Problem to work on —
Please retype, word for word, the line containing "重型阿弗他溃疡下嘴唇内长大大小小的溃疡图" and every line after it through the end of the records, leaving out all pictures.

Records from a data collection:

_ _ _ _ _ _ _

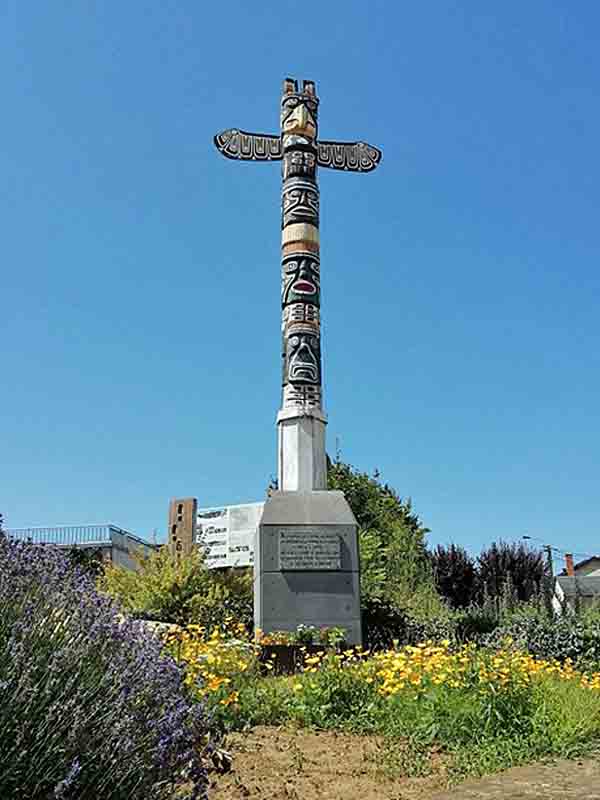 Frans president Charles de Gaulle trekt zijn land in 1967 uit deze Noord-Atlantische Verdrags Organisatie terug. Dat betekent het afscheid van die Canadezen, ze verhuizen op 31 maart 1967 naar het Duitse Lahn. Als aandenken aan hun gastvrije ontvangst schenken zij twee Canadese totempalen van het type Thunderbird, ook de naam van hun straaljagers. Eén exemplaar staat in het Franse Longuyon, het andere hier in Virton. Je ziet hier echter een kopie, gemaakt door Claude Goffinet uit Saint-Remy. Het origineel is in 1992 beschadigd geraakt.
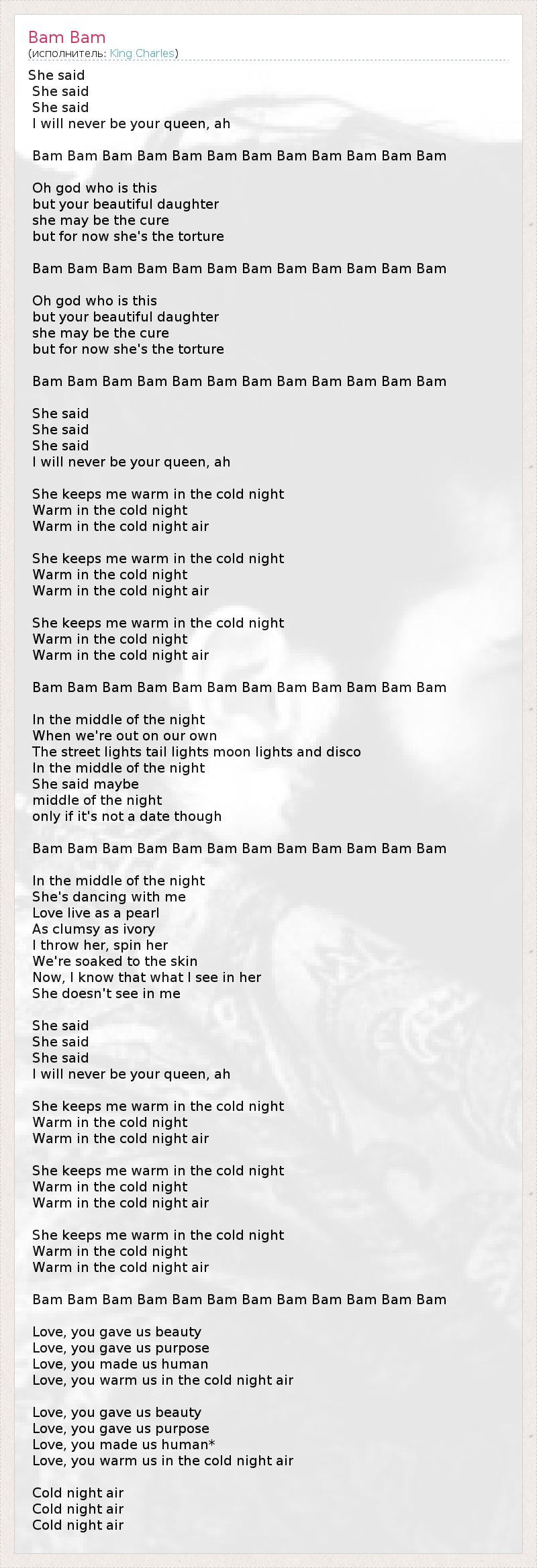 А как ты думаешь, о чем песня "Bam Bam" ?
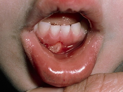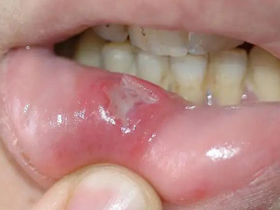 重型阿弗他溃疡下嘴唇内长大大小小的溃疡图
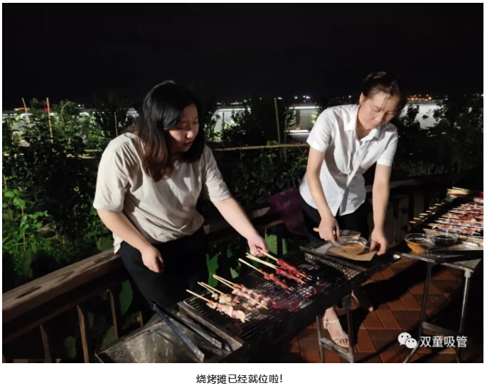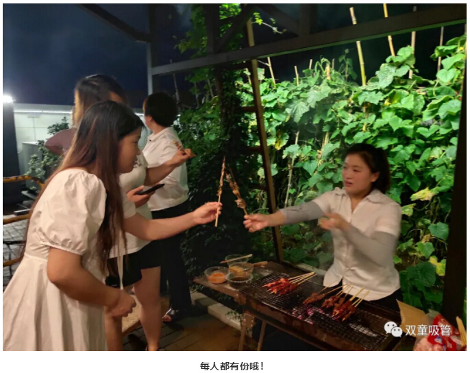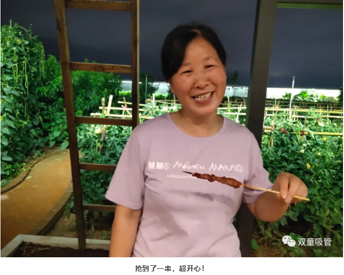 接下來,我們的燒烤師傅要出動啦!就在菜園地旁擺起了燒烤架!這一次不用壽星們動手啦,有吸管妹妹和后勤科的小伙伴們化身“燒烤師傅”為大家服務哦!
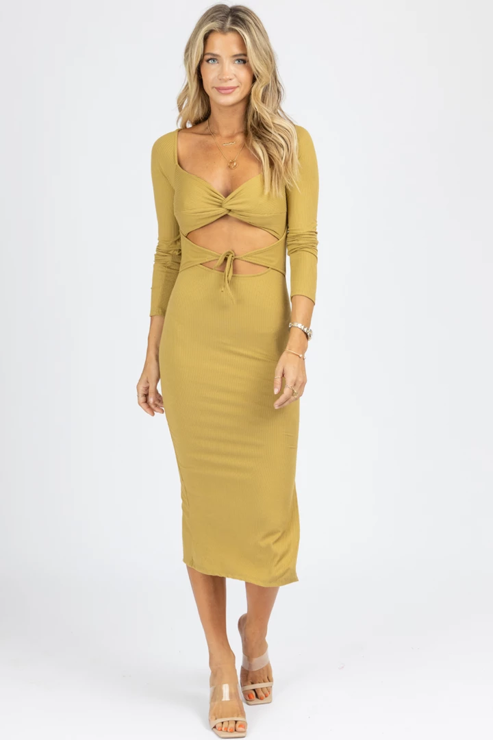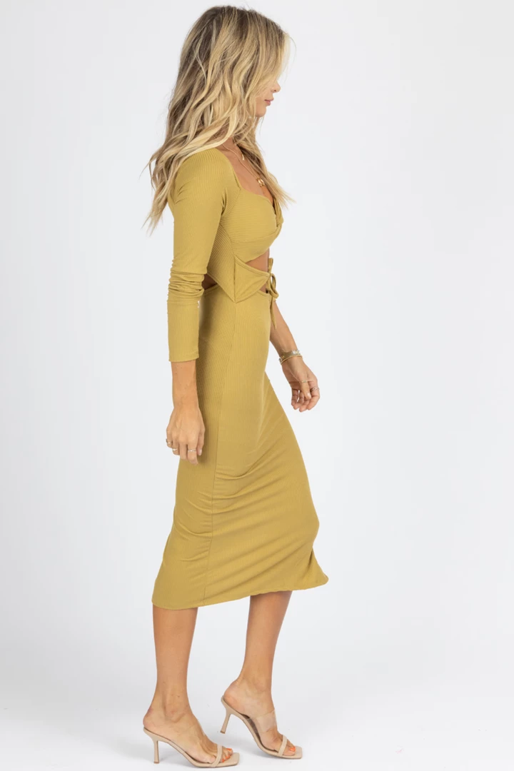 Midi length, Fitted, Long sleeves, Front cutout with tie detail, Fitted

_ _ _ _ _ _ _

Answer to the exercise —
 重型阿弗他溃疡下嘴唇内长大大小小的溃疡图
 接下來,我們的燒烤師傅要出動啦!就在菜園地旁擺起了燒烤架!這一次不用壽星們動手啦,有吸管妹妹和后勤科的小伙伴們化身“燒烤師傅”為大家服務哦!
 Midi length, Fitted, Long sleeves, Front cutout with tie detail, Fitted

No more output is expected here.